[Date Prev][Date Next][Thread Prev][Thread Next][Date Index][Thread Index]

evil ipv6 bit?


After some apparently unrelated changes, one of my routers stopped 
routing traffic to a few IPv6 destinations. After a lot of 
experimentation, including rebooting (did not help), I found this:

archive.ubuntu.com: 2001:67c:1360:8001::17

"ping6 vrf internet 2001:67c:1360:8001::17" from the router shell works.

ping6/traceroute from a customer connection has the packet dropped by 
the router. Traceroute gets nothing back at all.

2001:67c:1360:7fff:: is ok. Does not reply to ping because I just made 
up that address. But I get a valid traceroute all the way to the 
Anything between 2001:67c:1360:8000:: and 
2001:67c:1360:ffff:ffff:ffff:ffff:ffff is dropped.

My route table looks like this:

albertslund-edge1#show ipv6 forwarding route vrf internet 
IPv6 Routing Table:
Headers: Dest: Destination, Gw: Gateway, Pri: Priority;
Codes  : K: kernel, I1: isis-l1, SFN: sf-nat64, R: ripng, AF: aftr, B: bgp,
          D: direct, I2: isis-l2, SLN: sl-nat64, O: ospfv3, D6: dhcp, P: 
          S: static, N: nd, V: vrrp, A: address, M: multicast, UI: 
          GW-FWD: PS-BUSI,GW-UE: PS-USER,LDP-A: LDP-AREA, UN: user-network,
          US: user-special;
Dest                                              Owner    Metric
   Interface                       Pri  Gw
2001:67c:1360::/48                                B 0
   xgei-0/0/0/6                    200  ::ffff:
::/0                                              B 0
   xgei-0/0/0/6                    200  ::ffff:

Notice how this is a /48 route and one bit at the /49 level changes how 
it is routed. That is not right.

I tried adding a /128 static route but that does not do anything. The 
packet is still dropped.

I just now discovered this:

google.com: 2a00:1450:400e:807::200e

That address works fine. But then I changed that one bit in the address: 
2a00:1450:400e:8807::200e and voila, the router drops the packet.

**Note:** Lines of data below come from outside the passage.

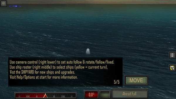 5、使用相机控制(右下)设置自动跟随&旋转/跟随/固定。使用船只名册(右中)选择船只(黄色=当前回合)。参观造船厂的新船和升级。请访问Help/ options以获取更多信息。
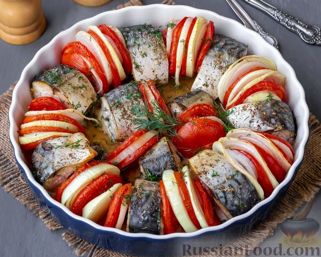 Скумбрия, запечённая с помидорами и репчатым луком, - лёгкое, вкусное и простое в приготовлении рыбное блюдо, которое своим красочным видом украсит любое застолье. #СкумбрияСОвощами #СкумбрияСЛуком #ЗапечённаяРыба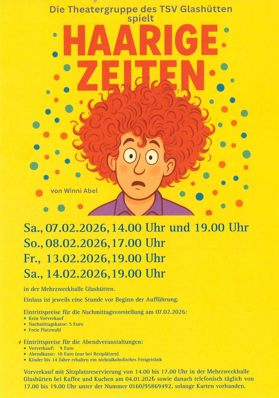Am 04.01.26 Vorverkauf von 14.00 - 17.00 Uhr in der Mehrzweckhalle Glashütten bei Kaffee und Kuchen
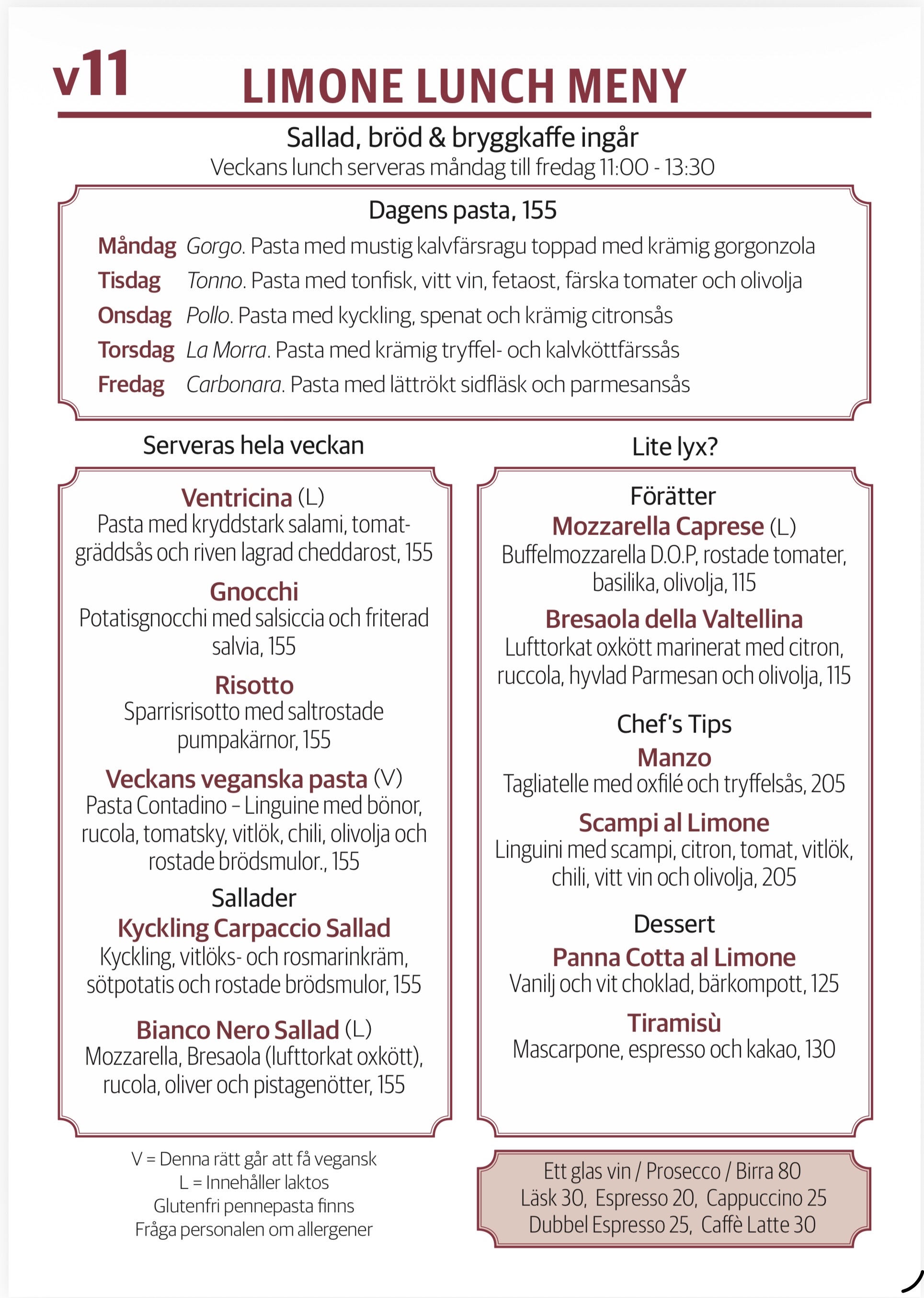 Äta lunch hos oss på Limone kostar 155 kr inkl sallad och kaffe.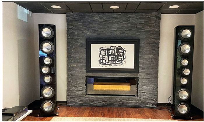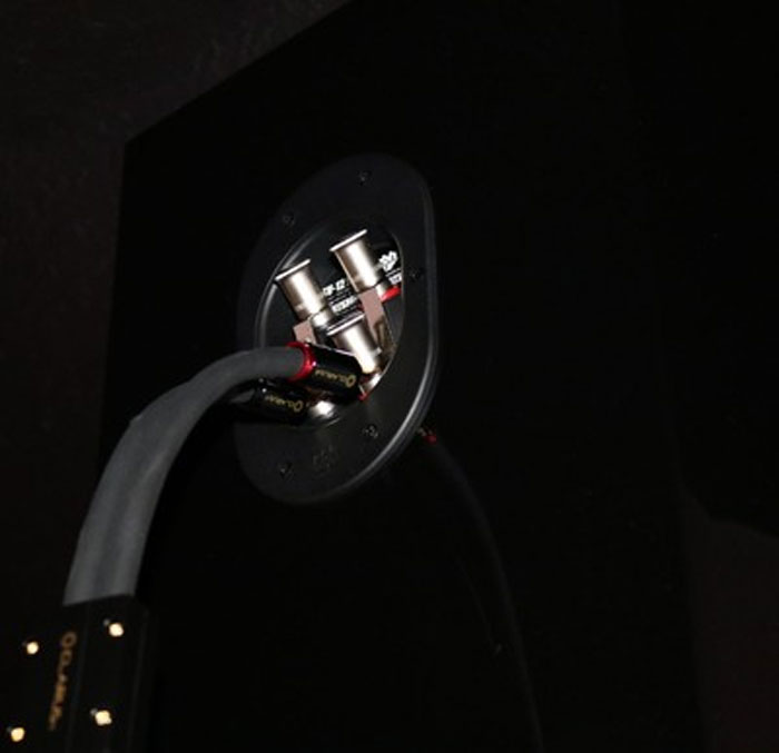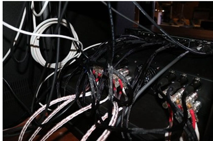 我使用 Kimber 8TC 扬声器线和 Hero XLR 线缆来连接系统。Marani DSP 从你的前置放大器/处理器接收两声道 XLR 输入,并将信号分离用于三路放大,接入 RBH Sound UNRIVALED UA-8 放大器。在 Marani 和 UNRIVALED UA-8 放大器之间为每个声道连接好三根 XLR 线缆后,你就可以进行扬声器线缆的连接了。你首先使用一根 8 英尺长的跳线将顶部和底部的低音模块连接起来,然后再用三根额外的扬声器线缆分别将低音部分连接到 1500 瓦功放,中音部分连接到 500 瓦功放,高音部分连接到 250 瓦功放。

Now I am stumbled. What could the 49th bit in the destination IPv6 
address field in a packet mean to the router, that would make it drop 
the packet?

Some extra information about the network: We are using MPLS with l3vpn 
(vrf) and l2vpn (vpls). The traffic is qinq tagged before being 
transported in a l2vpn towards the router in question. The l2vpn does 
not transport the outer vlan tag. The l2vpn is then terminated on a 
loopback cable. On the other end of that loopback cable we receive the 
traffic as ordinary qinq tagged without MPLS tagging. It is on this 
interface the router apparently drops the packet. It might conceivably 
also drop the packet on the way out of the l2vpn.

I have a similar setup, but instead of a loopback cable, the l2vpn is 
terminated on another MPLS switch, which then connects to a router of 
the same model. This setup does not have the problem.

The change I introduced was changing from an internal interface called 
"bvi" to the loopback cable. The bvi interface is a simulated loopback 
cable construct. We are dropping the bvi interface because it is very 
buggy. We did not have this problem with the bvi interface however.

The hardware is ZTE M6000-S V3.00.20(3.40.1).